Poèmes (Canora, 1905)/Lorsque le vent de mai

(p. 87-89).


II


 
Lorsque le vent de mai, tout chargé de lilas,
Qui berce les grands lys sur les pelouses vertes
Et la glycine mauve au balcon des villas,
Glissait par la fenêtre ouverte
Pour baiser mon front triste et las,


En ces matins légers, où les fauvettes folles
Se poursuivent, sur les rameaux des églantiers,
Où, vers le soleil d’or l’alouette s’envole,
Où les vierges, par les sentiers,
Vont cueillir de blanches corolles,

 


Je fuyais bien souvent, dans l’ombre des massifs,
Ne désirant plus rien que l’oubli, le silence,
Laissant le doute naître en mon cerveau passif
Et ne gardant que la souffrance
Des baisers vains et fugitifs.


Des baisers sans amour et des paroles vides
Qui satisfont les sens ou l’esprit, non le cœur,
Et, tristement penché sur un ruisseau limpide,
J’avais baigné mes yeux en pleurs
Au cristal frais des eaux rapides.


D’où vient donc qu’au retour de ce même printemps,
Je sens frémir soudain et jaillir ma pensée ?
D’où vient qu’une chanson claire s’est élancée
Comme un hymne d’espoir, de mon cœur de vingt ans ?
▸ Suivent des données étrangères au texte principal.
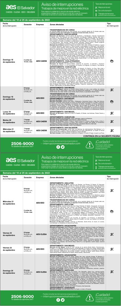 Interrupciones programadas del 18 al 25 de septiembre 16 septiembre, 202214 septiembre, 2022 aeselsalvadorCAESS, CLESA, EEO descargue-interrupciones-programadas-del-18-al-25-de-septiembreDescarga Comparte: Compartir en X (Se abre en una ventana nueva) X Comparte en Facebook (Se abre en una ventana nueva) Facebook Me gusta Cargando... Interrupciones programadas del 18 al 25 de septiembre
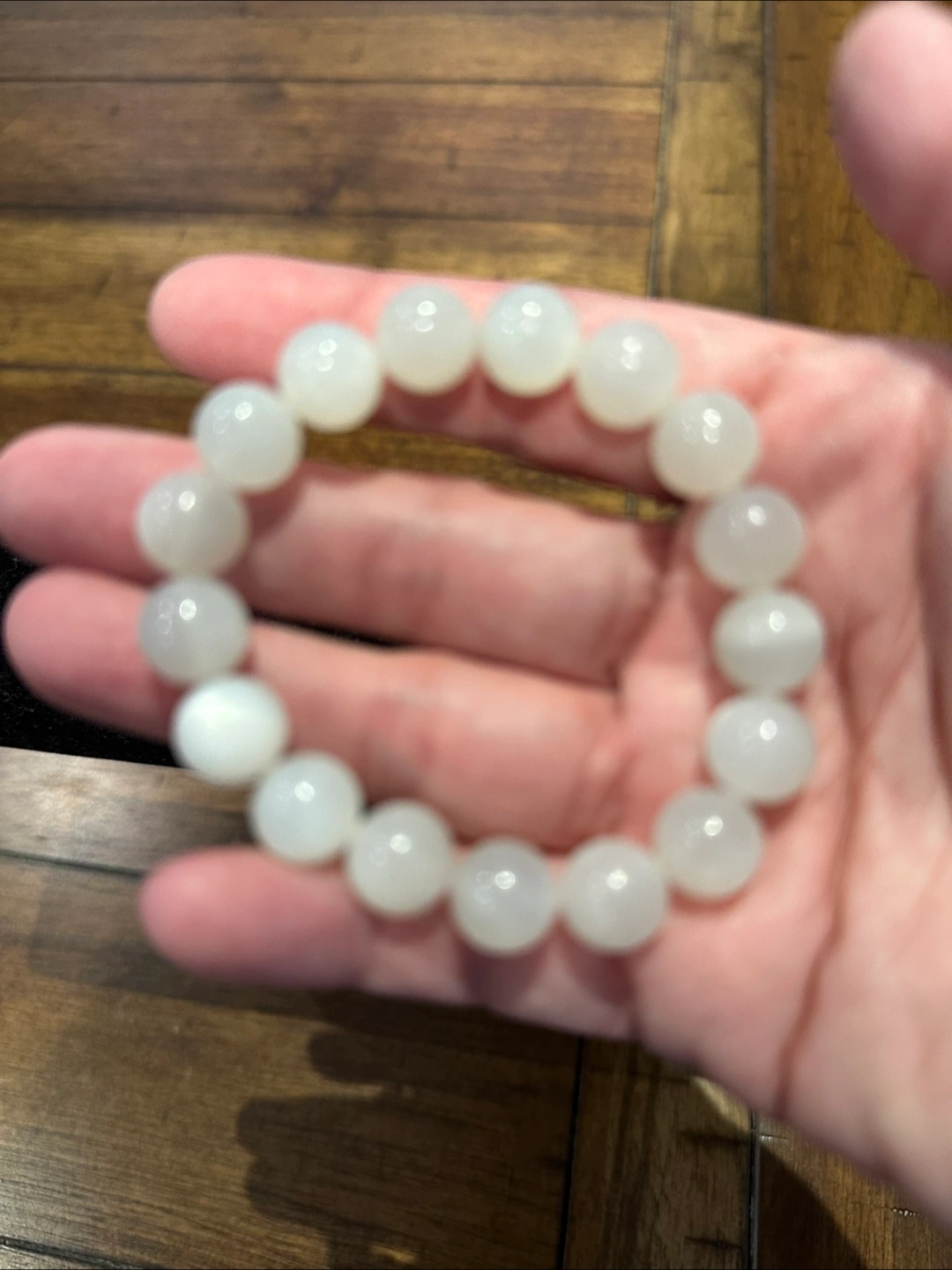 A simple white crystal beaded bracelet that can be worn with anything! The crystal stones are a lovely, soft white colour.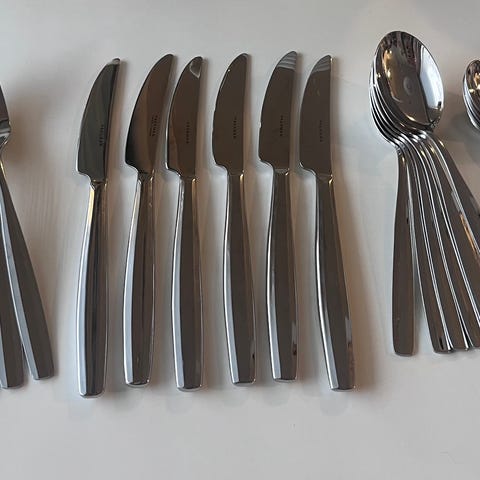 Myynnissä Hackman Carelia aterimet.Ovat ruostumatonta terästä valmistettuja ruokailuvälineitä, veitsiä 2 kpl., haarukoita 2 kpl. ja ruokalusikoita 3 kpl.
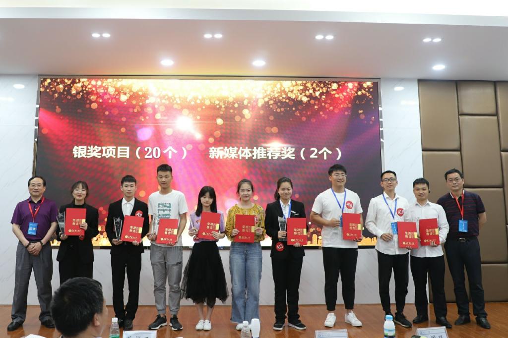 本次大赛设主赛道(分为创意组、初创组、成长组、师生共创组)和“青年红色筑梦之旅”赛道(分为公益组、商业组)。共有1089个项目报名参赛(其中主赛道991项,青红赛道95项),参赛学生人数4297人。经过学院预选赛、学校半决赛等层层角逐,最终有31个项目团队脱颖而出,进入决赛。各项目团队通过PPT、视频进行路演,从项目背景、产品(服务)介绍、团队成员、市场分析、发展前景等方面向评委老师和现场人员精彩展示了各自的项目,内容涉及新材料、环保健康、人工智能、食品安全、非遗文化、服饰定制等多个领域。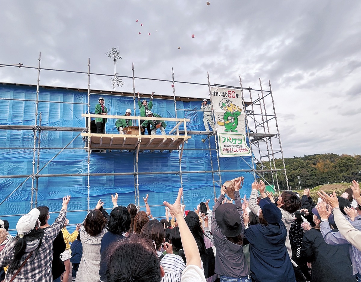 寒川町岡田で建築が進む「リアン寒川老人ホーム」の新築工事が上棟し、4月12日に「餅まきとお菓子まき」が行われた=写真。当日は、100人を超える近隣住民が集まり、事業主の株式会社リアン代表取締役社長の田中秀学さんや、施工主のアベケン代表取締役の阿部利昭さんらが豪快に餅をまき、歓声とともに盛り上がりをみせた。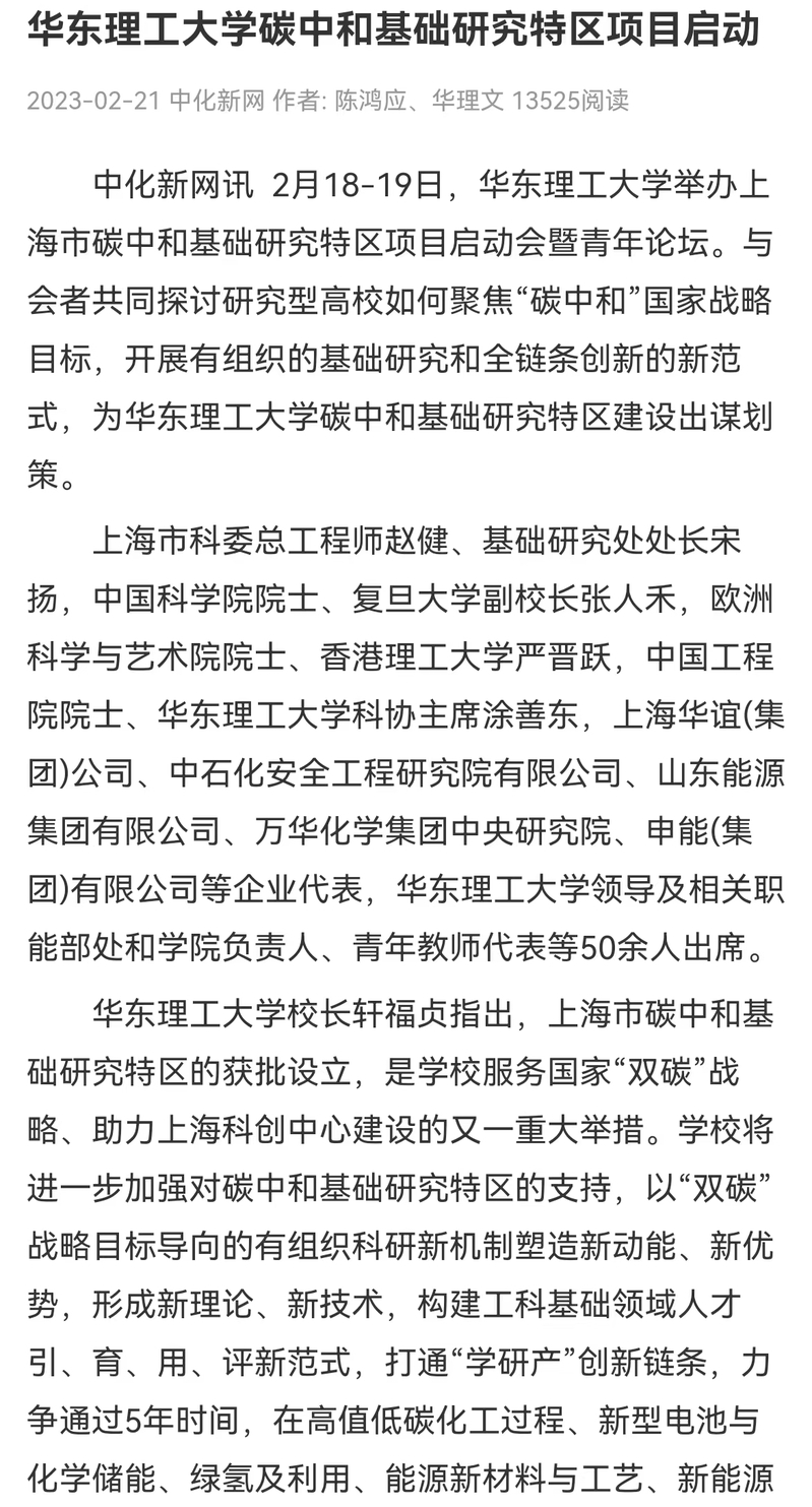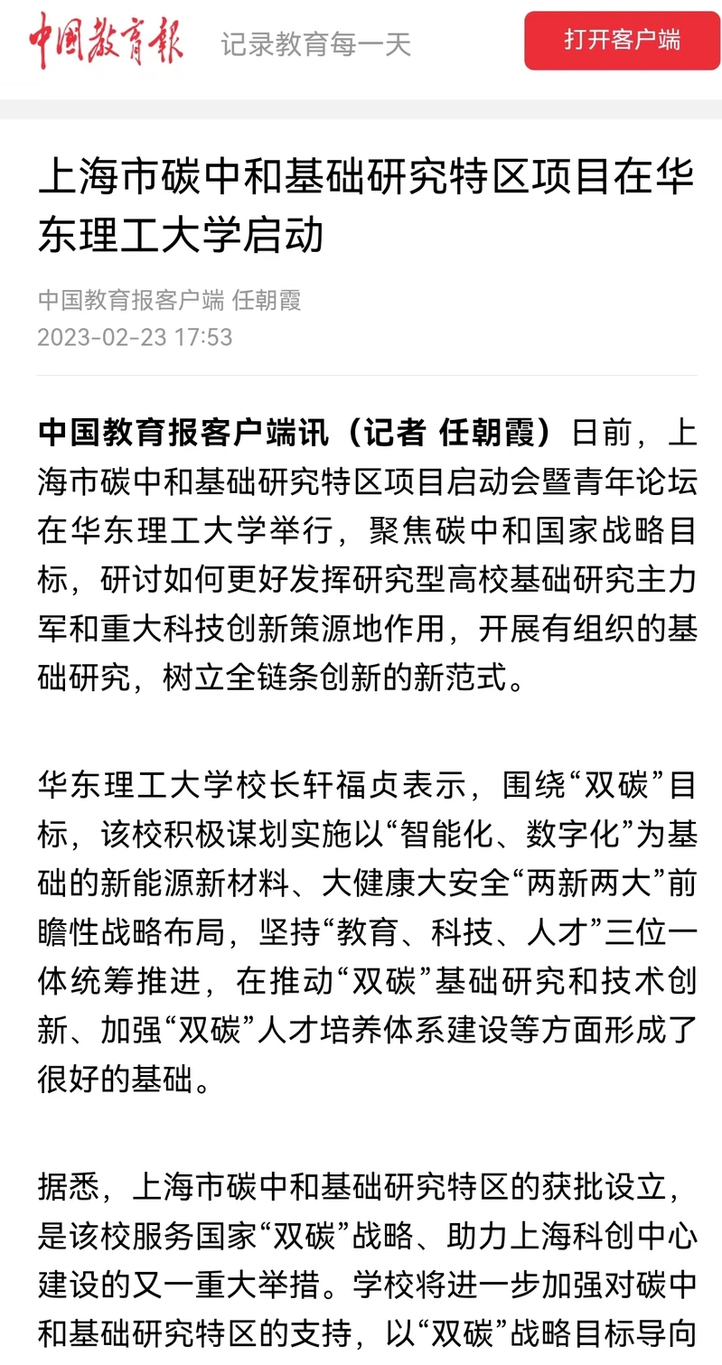 【中国教育报客户端】上海市碳中和基础研究特区项目在华东理工大学启动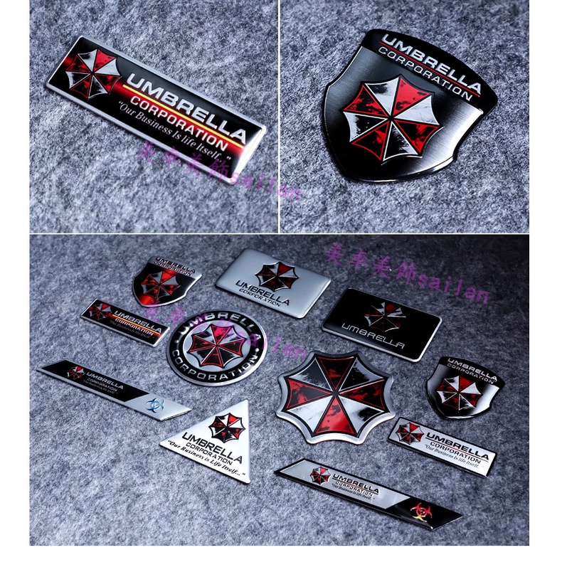 Car Motorcycle Decorative Car Stickers Creative Metal Scratch Car Stickers Fuel Tank Cover Block Biohazard Protective Umbrella Aluminum Alloy Tail Label Fender Fuel Tank Cover Stickers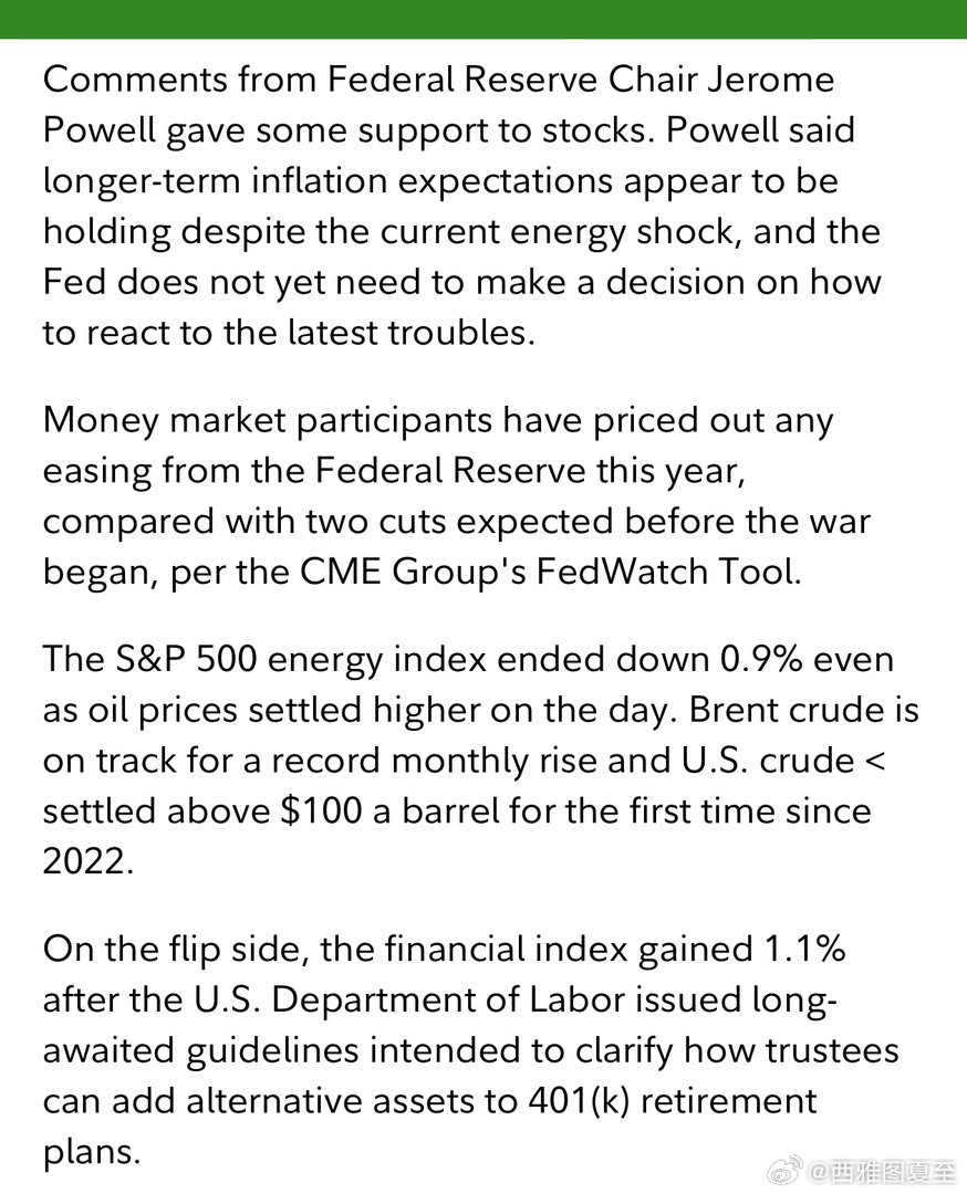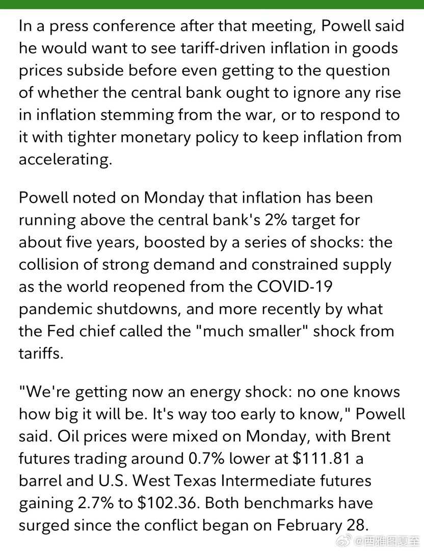 美联储主席讲话:政策合适、不急调整…关税导致的物价上涨,进一步缓和后,再考虑如何应对战争导致的通胀…疫情期间的供需失衡,对物价影响最大,关税的影响小得多,最新的能源危机,影响尚不明确,改政策方向为时过早…

C’est que vous êtes là, ma souriante amie,
Vous que je rencontrai sur la route de vie,
Comme vous y passiez, rêveuse aux cheveux bruns,
Heureuse des couleurs, des suaves parfums,
Heureuse d’écouter les voix de la nature.
Et vous m’avez souri de votre bouche pure,
Et vous avez posé votre main dans ma main,
Et vos grands yeux brillants éclairent mon chemin.

 

Ô compagne de rêve, ô chère Marguerite,
Par dessus l’univers qui clame et qui s’agite,
Que notre amour s’élève et plane à tout jamais !
Voyez-vous ces grands bois, ces vallons, ces sommets,
Ces plaines, ces hameaux et ces foules pressées,
Les choses du présent et les choses passées,
L’immensité des mers, l’immensité des cieux ?
Je les veux embrasser, d’un vol audacieux,
Et je leur veux ravir les choses les plus belles
Pour en édifier la demeure éternelle
Où notre tâche humaine et nos labeurs finis,
Seuls, devant l’Idéal, nous serons réunis.